Every line below from the one with "Finish the Stack: Continue" through the one with "Pełna treść projektu" is to be repeated exactly, with no picture among them.

Supplied material –
- - -

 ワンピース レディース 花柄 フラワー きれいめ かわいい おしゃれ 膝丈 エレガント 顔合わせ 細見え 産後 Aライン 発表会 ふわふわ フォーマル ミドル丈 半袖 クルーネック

- - -

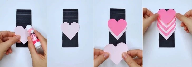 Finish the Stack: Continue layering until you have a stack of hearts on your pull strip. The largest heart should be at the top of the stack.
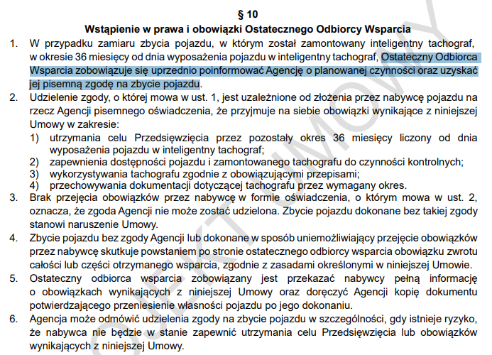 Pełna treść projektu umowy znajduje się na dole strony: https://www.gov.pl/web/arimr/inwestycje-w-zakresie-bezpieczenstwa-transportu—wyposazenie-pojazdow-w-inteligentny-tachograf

- - -

Written reply –
 Finish the Stack: Continue layering until you have a stack of hearts on your pull strip. The largest heart should be at the top of the stack.
 Pełna treść projektu umowy znajduje się na dole strony: https://www.gov.pl/web/arimr/inwestycje-w-zakresie-bezpieczenstwa-transportu—wyposazenie-pojazdow-w-inteligentny-tachograf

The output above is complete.